**** Given records ****
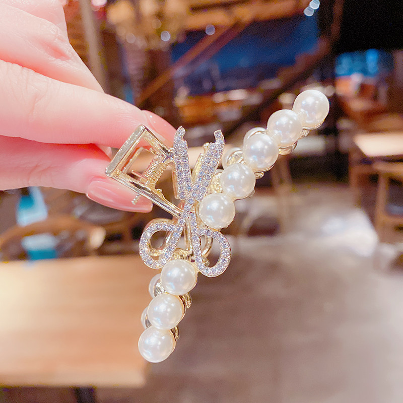 South Korea 2022 New Advanced Sensation Pearl Hair Clip Grip Clip Fashion Scissors Grip Hairpin Clip Web Red Back Brain Spoon Hair Accessories
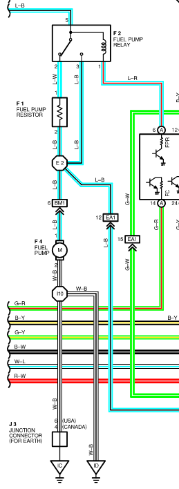 Once the Fuel Pump Resistor Relay has power to pin 3 it will by default send power to pin 4 through the Fuel Pump Resistor then to splice point E2 then on to the pump. This will make the pump run at slow speed.
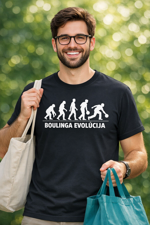 BOULINGA EVOLŪCIJA ir perfekts joks boulinga faniem: melns krekls ar košu baltu apdruku, kas pasaka visu tavā vietā – tu neesi te atnācis vienkārši “pamētāt bumbu”.
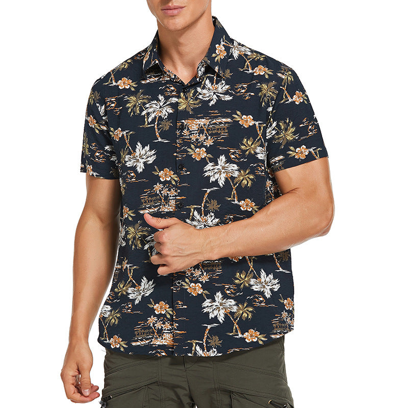 Herren Kurzarm-Hemd mit tropischem Druck und leichtem Material Aliams
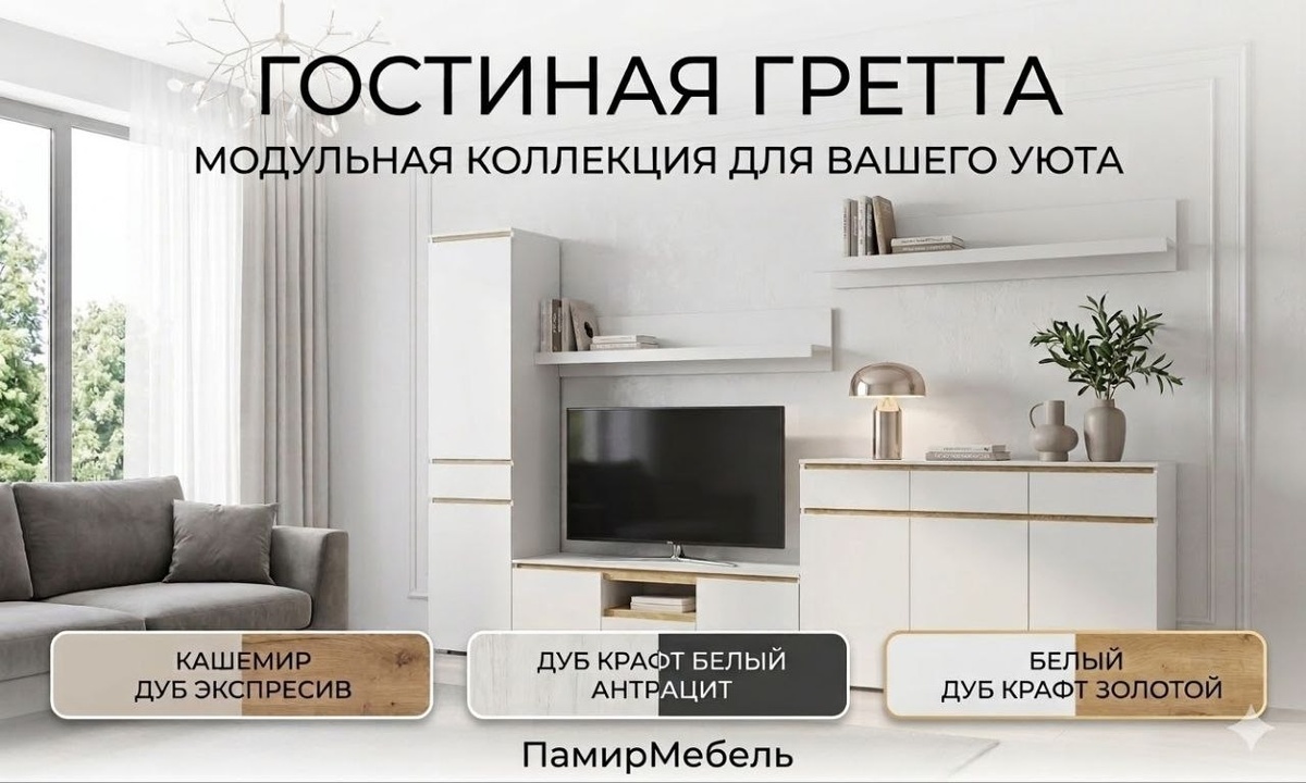 » ✨ Современная модульная система с акцентом на надежность и эстетику! Преимущества: ✅ Интегрированные ручки и фасады из MDF ✅ Обработка кромкой 1 мм и современная фурнитура ✅ Шариковые направляющие полного выдвижения ✅ Возможность установки LED-подсветки стеклополок Цветовые решения: - «Дуб Крафт белый» — «Антрацит» - «Дуб Крафт золотой» — «Белый» - «Кашемир» — «Дуб Экспрессив» 📞 Контакты: +7(949) 717‑53‑26 +7(949) 717‑53‑37 🌐 Сайт: mebelplusmariupol.ru 👉 Присоединяйтесь к каналу МАКС: Канал МАКС Создайте уют с модульной системой «Гретта»! 💖
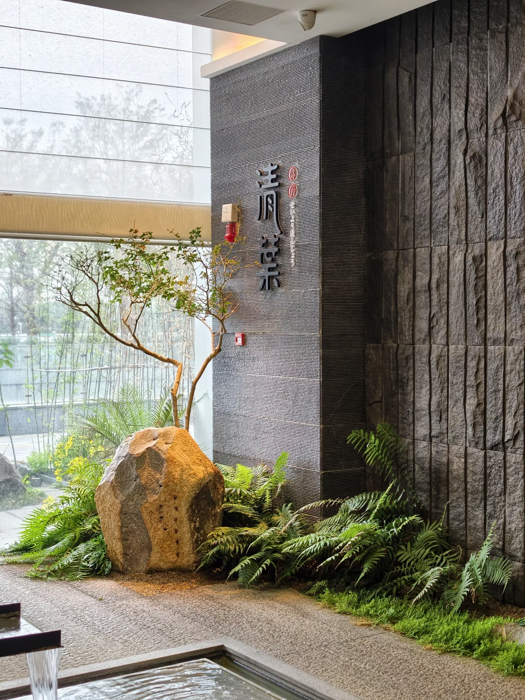 📸一踏入餐厅就被沉浸式禅意包围——玄关复刻京都苔庭,青石板路绕着中庭水系蜿蜒,铁杉原木与天然石材勾勒出素净轮廓,和纸灯罩印着日月纹样,光影流转间竟真有「天地循环、四季流转」的意境。榫卯结构吊顶下,榻榻米座位与水景包厢错落排布,推窗见景的设计,让CBD的喧嚣瞬间被隔绝,完美诠释了品牌「如叶承水,感悟四时」的核心理念。
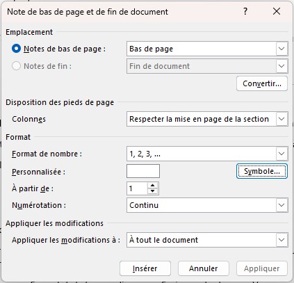 Il est possible de configurer les notes de bas de page. Ainsi dans le menu Références, dans la section Notes de bas de page, cliquez sur la flèche en bas à droite pour ouvrir la page d’options.
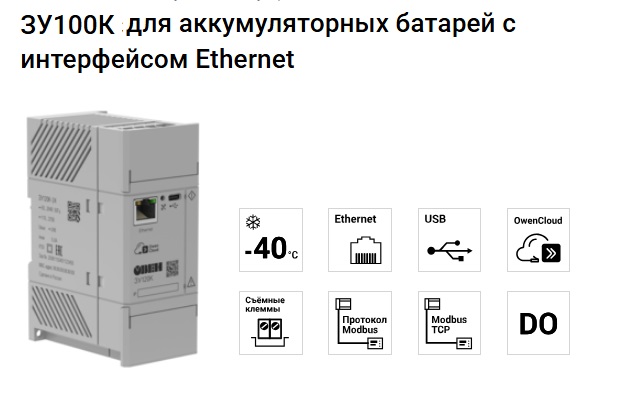 Описание Зарядные устройства ОВЕН ЗУ100К предназначены для непрерывного подключения к аккумуляторным батареям и поддержания их в режиме постоянной готовности. В составе щита управления устройства могут использоваться для работы с дизельными, бензиновыми и газовыми электростанциями для заряда стартерных свинцово-кислотных АКБ или для питания различного промышленного оборудования с зарядом литиевых АКБ. ![]() Особенности и преимущества: ОВЕН ЗУ100К Широкий диапазон питания переменного тока 90…264 В. Диапазон подстройки выходного напряжения (Uвых) от 15 до 29,4 В или от 7,5 до 14,65 В. Ограничение выходного тока 125 % от номинального значения (Iвых) 5 А или 8,5 А. Рабочий диапазон температур: -40…+60 °С – без снижения рабочих характеристик. Удобный монтаж в шкаф автоматики: компактный корпус шириной 52 мм. Многоступенчатый метод заряда батарей. Поддержка свинцово-кислотных и литий-ионных аккумуляторов в режиме «Авто», поддержка других типов аккумуляторов в режиме «Пользовательский». Встроенные защиты: по выходному току, от перегрева прибора и внешних заряжаемых АКБ, КЗ, от инверсии полярности на выходе (переполюсовки), автоматический перезапуск после «Аварии». Контроль наличия внешней АКБ, измерение внешней температуры АКБ – работа с датчиком температуры. Световая индикация режимов работы прибора. Конфигурирование и регулировка напряжения и выходного тока с помощью Owen Configurator по Ethernet или USB Type-C. ![]() ![]() Похожие товары | |||||||
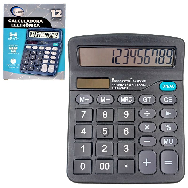 Calculadora de Mesa -C/ 12 Dígitos -Alimentação 1 Pilha AA (Não Inclusa) Medidas: 14,5x11,8cm Composição: Plástico Interponte Código de Barras: 7908174947431 Peso: 0,107Kg Ref.: HE85506
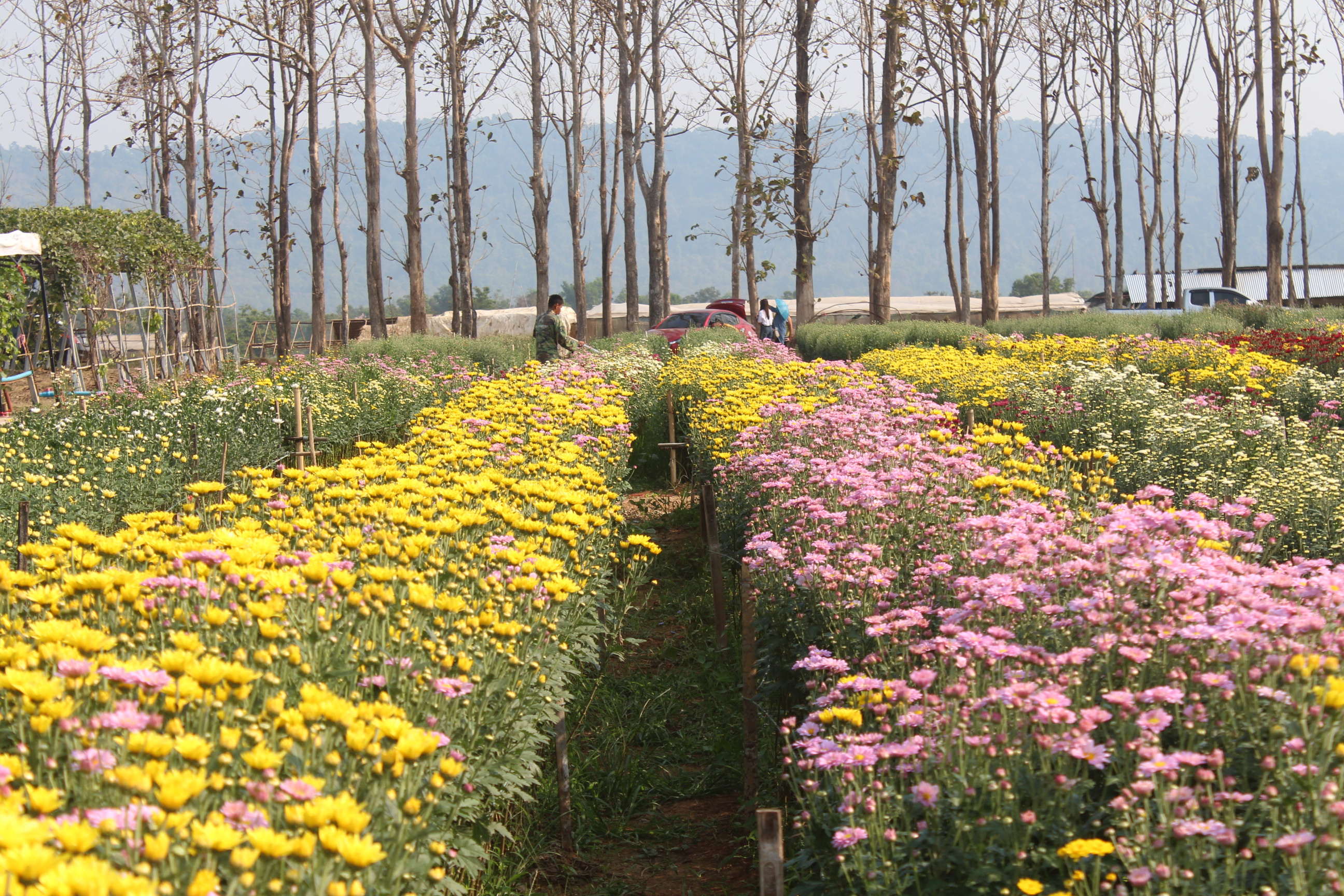 หลังสภาพอากาศในช่วงนี้เริ่มกลับมาหนาวเย็นอีกครั้ง ทำให้บรรยากาศการท่องเที่ยวในอำเภอวังน้ำเขียว จ.นครราชสีมา เริ่มกลับมาคึกคักเช่นเดียวกัน โดยเฉพาะที่จุดเตรียมจัดงานเทศกาลดอกเบญจมาศบานในม่านหมอก ครั้งที่ 18 ที่บริเวณด้านข้างองค์การบริหารส่วนตำบลไทยสามัคคี จะมีขึ้นระหว่างวันที่ 13 – 23 ก.พ.นี้ เริ่มที่นักท่องเที่ยวเข้าไปเที่ยวชมและถ่ายรูปกับสวนเบญจมาศหลากสีสันที่กำลังออกดอกบานสะพรั่งสวยงามทั่วบริเวณสถานที่จัดงานกว่า 50 ไร่
****
Exercise directions: What you return must match the lines above from the one with "Современная модульная система" through the one with "Il est possible" exactly, with both ends included and the pictures excluded.

Exercise answer:
 » ✨ Современная модульная система с акцентом на надежность и эстетику! Преимущества: ✅ Интегрированные ручки и фасады из MDF ✅ Обработка кромкой 1 мм и современная фурнитура ✅ Шариковые направляющие полного выдвижения ✅ Возможность установки LED-подсветки стеклополок Цветовые решения: - «Дуб Крафт белый» — «Антрацит» - «Дуб Крафт золотой» — «Белый» - «Кашемир» — «Дуб Экспрессив» 📞 Контакты: +7(949) 717‑53‑26 +7(949) 717‑53‑37 🌐 Сайт: mebelplusmariupol.ru 👉 Присоединяйтесь к каналу МАКС: Канал МАКС Создайте уют с модульной системой «Гретта»! 💖
 📸一踏入餐厅就被沉浸式禅意包围——玄关复刻京都苔庭,青石板路绕着中庭水系蜿蜒,铁杉原木与天然石材勾勒出素净轮廓,和纸灯罩印着日月纹样,光影流转间竟真有「天地循环、四季流转」的意境。榫卯结构吊顶下,榻榻米座位与水景包厢错落排布,推窗见景的设计,让CBD的喧嚣瞬间被隔绝,完美诠释了品牌「如叶承水,感悟四时」的核心理念。
 Il est possible de configurer les notes de bas de page. Ainsi dans le menu Références, dans la section Notes de bas de page, cliquez sur la flèche en bas à droite pour ouvrir la page d’options.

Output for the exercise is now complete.